##### Given material
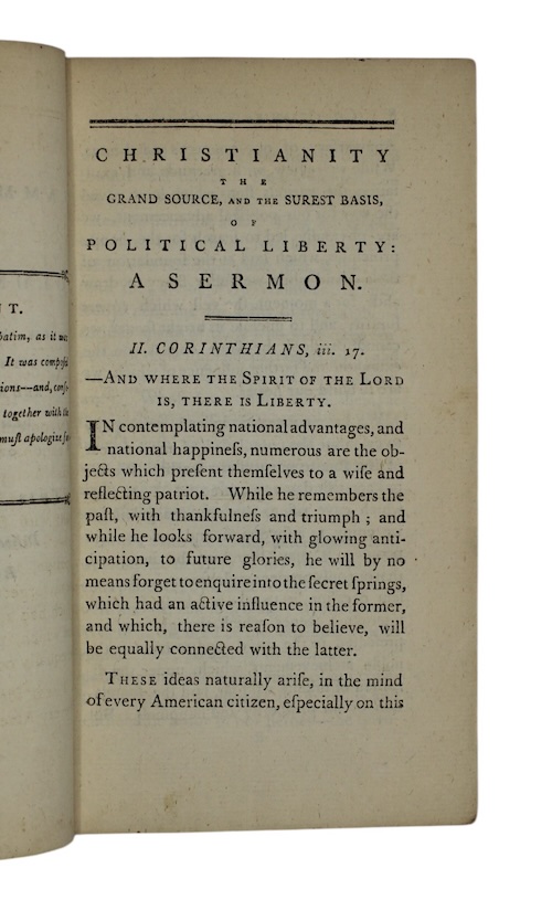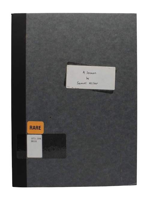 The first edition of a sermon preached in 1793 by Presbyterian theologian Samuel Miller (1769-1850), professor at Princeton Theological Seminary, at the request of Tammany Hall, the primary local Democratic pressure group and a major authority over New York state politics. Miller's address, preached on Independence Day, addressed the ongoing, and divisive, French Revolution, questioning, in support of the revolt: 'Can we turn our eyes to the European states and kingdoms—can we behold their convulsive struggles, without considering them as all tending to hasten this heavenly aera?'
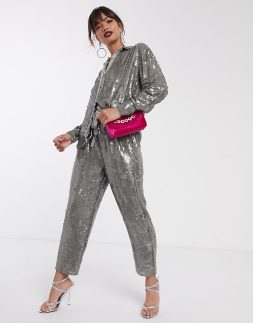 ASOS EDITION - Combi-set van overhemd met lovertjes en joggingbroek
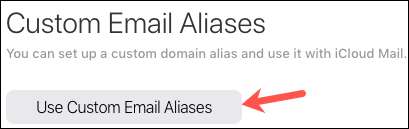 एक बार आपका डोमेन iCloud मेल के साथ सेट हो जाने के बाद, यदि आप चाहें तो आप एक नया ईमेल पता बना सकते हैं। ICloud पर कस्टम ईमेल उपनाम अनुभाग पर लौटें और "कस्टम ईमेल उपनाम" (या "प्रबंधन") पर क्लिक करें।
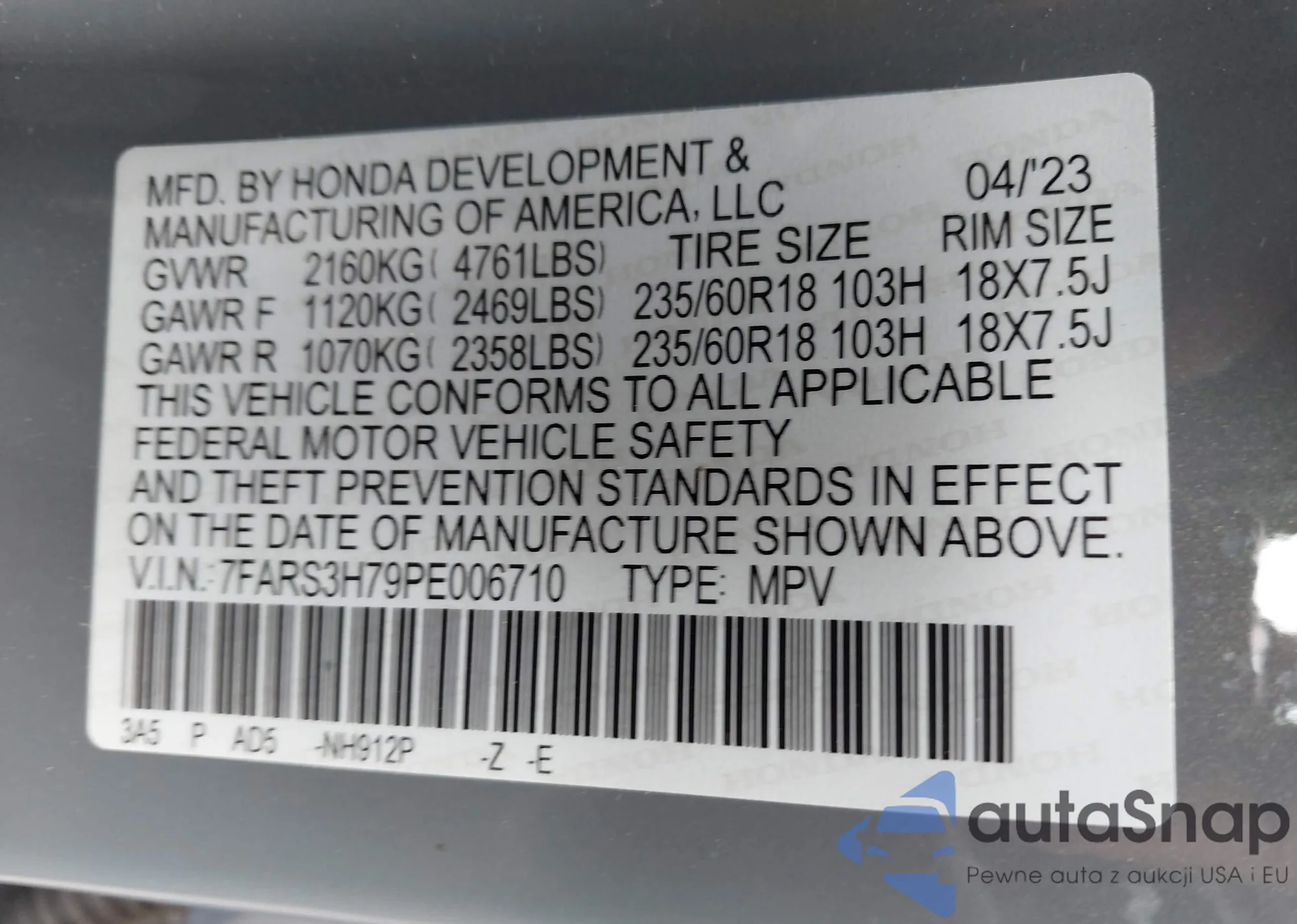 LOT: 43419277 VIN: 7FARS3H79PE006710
##########
» **Work request**: Working from the line with "एक बार आपका" to the last line of the material above, repeat each line exactly and leave out the pictures.

» **Solution**:
 एक बार आपका डोमेन iCloud मेल के साथ सेट हो जाने के बाद, यदि आप चाहें तो आप एक नया ईमेल पता बना सकते हैं। ICloud पर कस्टम ईमेल उपनाम अनुभाग पर लौटें और "कस्टम ईमेल उपनाम" (या "प्रबंधन") पर क्लिक करें।
 LOT: 43419277 VIN: 7FARS3H79PE006710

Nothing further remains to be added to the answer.